John Candy: “Uncle Buck” Magnifies The Intangible Charisma Of Its Star

Dan Stephens looks at one of the 1980s’ finest family comedies from two undisputed kings of the decade – John Hughes & John Candy. The film highlights the special talents of both men, especially its star whose charisma elevates Uncle Buck to one of the actor’s best movies.

If ever a film genuinely magnified the intangible charisma of an actor, it would be John Hughes’ Uncle Buck. The actor in question? John Candy. He had an ability, regardless of character, prominence within the plot, whether the film was actually any good, to produce performances that transcended the screen. He had an innate ability to connect with audiences like few other comic actors, achieving a poignancy that mixed natural, recognisable character flaws with the wit to make those fragilities very, very funny.

His best work features in his collaborations with John Hughes, Uncle Buck slotting in nicely behind Planes, Trains and Automobiles. Both films feature Candy in similar roles – a carefree, bumbling, working class nice guy whose compassion, naivety and instinctive approach to life often gets him into trouble. I doubt Hughes ever saw the characters written for Candy as versions of himself, rather a rarely seen larger-than-life uncle whose tall tales at family gatherings probably evoked both sympathy and laughter.

What Hughes gets out of Candy in their work together is a multi-layered personality, where the tragedy of misfortune or misadventure makes us care without becoming clogged by sentimentality. There’s a show of toughness as genuine as his broken heart. They are lovable traits borne out of hardship. That’s why when Candy’s funny, we laugh a little harder, when he’s sad, we cry a little longer.

Uncle Buck, John Candy, Top 10 Films

In many ways, his performance in Uncle Buck is as good if not better than Planes, Trains and Automobiles. What makes the film inferior is the unfortunate existence of Tia Russell. Hughes is not known for his subtlety but Tia really is one of his worst creations. A spoilt teenager who treats her mother like dirt, actor Jean Louisa Kelly has little room to manoeuvre, an expression of perennial anger fitting just fine. We know where Hughes is going with this, we understand he’s trying to convey the message of hormonal, social and familial angst before two characters can “learn from one another” for the happy ending. But it’s too heavy-handed.

That’s Uncle Buck’s major flaw. And it’s something that’s always hindered it for me. But, the presence of Candy goes a long way to making any negativity towards Hughes’ 1989 effort feel more distant than it ought to be. Indeed, there are so many stand out moments based solely on what Candy’s character does or says that you forget Tia’s role in the story.
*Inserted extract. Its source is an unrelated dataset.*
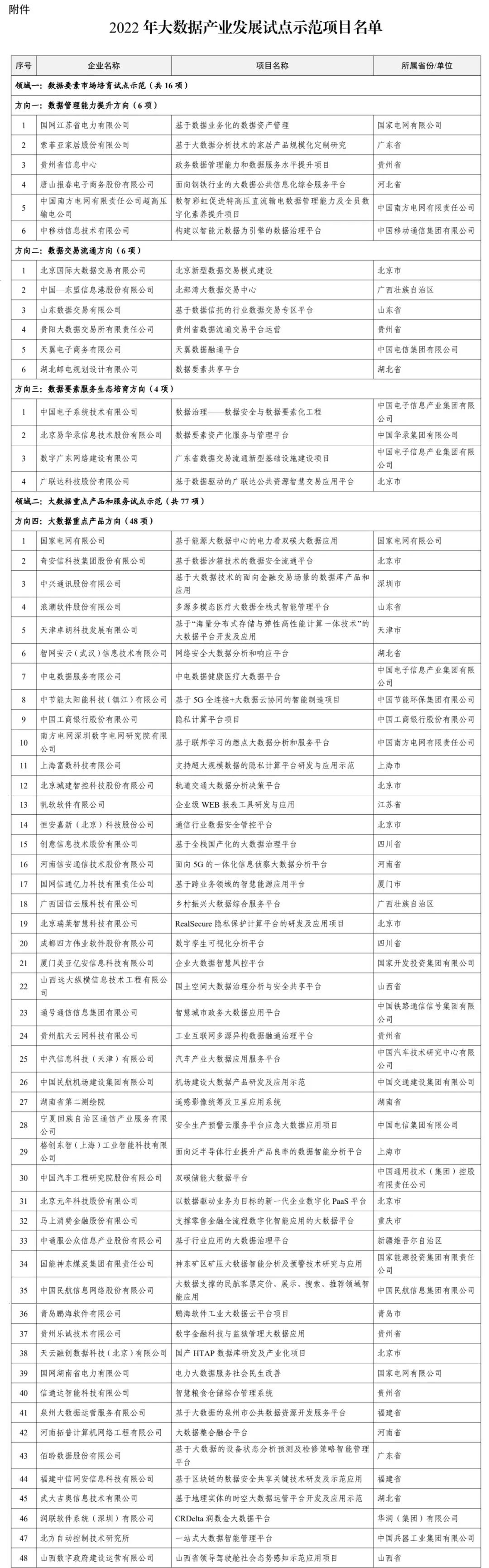 It is reported that the selection of the list of demonstration projects for the development of the big data industry is to implement the "Fourteenth Five -Year Plan" Big Data Industry Development Plan. After enterprise declaration, unit recommendation, expert review, online publicity, etc.List of Data Industry Development Pilot Demonstration Project.

That’s what makes his performance here so special.

I often think about that cruel dressing down of the Miss Trunchbull-like assistant principal and the vision of a rat gnawing the wart off her face. The scene follows Buck in the children’s toilets having to kneel down to use the lowered urinals. Hughes also gives us one of his most memorable conversations, and of course Candy is at the centre of it. It concerns Buck being questioned by Miles (a pre-Home Alone Macaulay Culkin) about his credentials as a child’s guardian.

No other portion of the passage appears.